Preheat oven to 350°F. Butter three 8-inch round cake pans with 2-inch-high sides. Line with parchment paper. Butter paper. Bring 2 cups stout and 2 cups butter to simmer in heavy large saucepan over medium heat. Add cocoa powder and whisk until mixture is smooth. Cool slightly.
Whisk flour, sugar, baking soda, and 1 1/2 teaspoons salt in large bowl to blend. Using electric mixer, beat eggs and sour cream in another large bowl to blend. Add stout-chocolate mixture to egg mixture and beat just to combine. Add flour mixture and beat briefly on slow speed. Using rubber spatula, fold batter until completely combined. Divide batter equally among prepared pans. Bake cakes until tester inserted into center of cakes comes out clean, about 35 minutes. Transfer cakes to rack; cool 10 minutes. Turn cakes out onto rack and cool completely.

Drunken Cherries

Bakers note: I prefer using fresh or frozen dark sweet cherries since they are far superior in flavor but since they're out of season and I really wanted that blood-red color, canned cherries will do in a pinch.

2 (21oz) cans of cherries in syrup
2 TBS cherry liquor (sold as kirsch or kirschwasser)
1/2 tsp vanilla (optional)

Drain the cherries, reserving 3/4 cup (180ml) of the heavy syrup.

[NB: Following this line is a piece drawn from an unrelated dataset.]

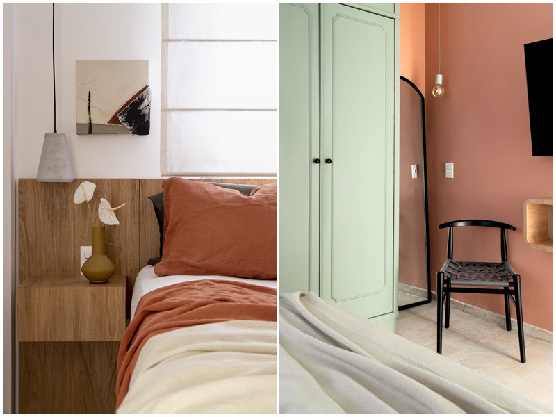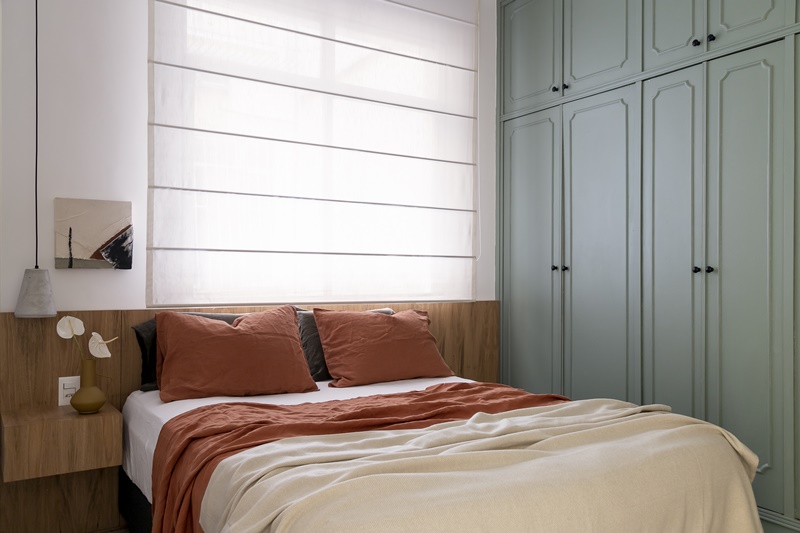 O quarto dos fundos foi transformado na suíte do morador a partir da incorporação do único banheiro que havia no corredor. O antigo armário foi mantido, restaurado e pintado de verde, e ganhou puxadores pretos, mesma cor da moldura de ferro do espelho apoiado no chão. Desenhada pela arquiteta, a cabeceira da cama foi executada em marcenaria com acabamento em freijó natural.

Set cherries aside. Simmer syrup and cherry liquor in a small saucepan over low heat until reduced down to 1/4 cup (60ml) add vanilla at this time if using. Brush reduced syrup all over the cake layers, reserving any leftover syrup. The cakes can be slightly warm when you do this. You can also use the cooled syrup to dye the frosting and the fondant if needed. 

 Vanilla Buttercream

½ cup unsalted butter softened
1 ½ tsp vanilla extract ( I love using a vanilla bean paste)
2 cups confectioners' sugar, sifted
2 TBS of cherry mixture (optional)

Cream room temperature butter with a hand mixer, the paddle attachment of a stand mixer, or a wooden spoon until smooth and fluffy. Gradually beat in confectioners' sugar until fully incorporated. Beat in vanilla extract. Add spoonfuls of cherries and cherry juice, if using, and beat for thirty seconds until smooth or until the desired color is reached.

Marshmallow Fondant 

1 package (16 oz.) white mini marshmallows
2-5 TBS water
2 pounds (about 8 cups) sifted powdered sugar (confectioners' sugar)
icing colors (optional)

If you don't have a Kitchenaid mixer, pour the powdered sugar on the counter keeping in all together in a mound. Then, with your hands make a good size hole in the middle keeping it in a mound. Pour your melted marshmallow mixture in the center hole you made. Keeping your hands from touching the marshmallow mixture, start pushing the sides of the mound in the middle without pushing them too deep and in the melted mixture (kinda like making pasta). Your hands will never get into the marshmallow mixture. Eventually, you can start kneading until the mixture is smooth - adding coloring if needed. Carefully section off and roll long sections like you're making a pretzel. Press onto the outside of the cake (mine just naturally stuck but you can use buttercream as a "glue" if needed). Use leftover cherries to brush on the outside, this will also give the outside that wet juicy brain appearance.